Source material:
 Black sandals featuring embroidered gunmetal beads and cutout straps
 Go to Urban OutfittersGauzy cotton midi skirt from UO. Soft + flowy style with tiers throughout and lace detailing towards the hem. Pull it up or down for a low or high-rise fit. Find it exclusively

---

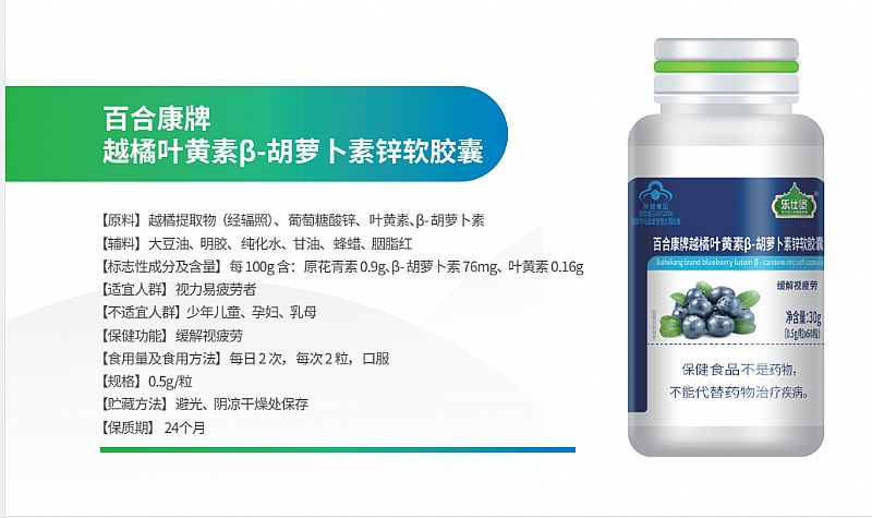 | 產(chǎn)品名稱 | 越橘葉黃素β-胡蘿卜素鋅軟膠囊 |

What the exercise asks:
Of all the entries above, retype exactly the lines from the line with "Black sandals featuring" to the line with "Go to Urban", both included, and no others.

Exercise response:
 Black sandals featuring embroidered gunmetal beads and cutout straps
 Go to Urban OutfittersGauzy cotton midi skirt from UO. Soft + flowy style with tiers throughout and lace detailing towards the hem. Pull it up or down for a low or high-rise fit. Find it exclusively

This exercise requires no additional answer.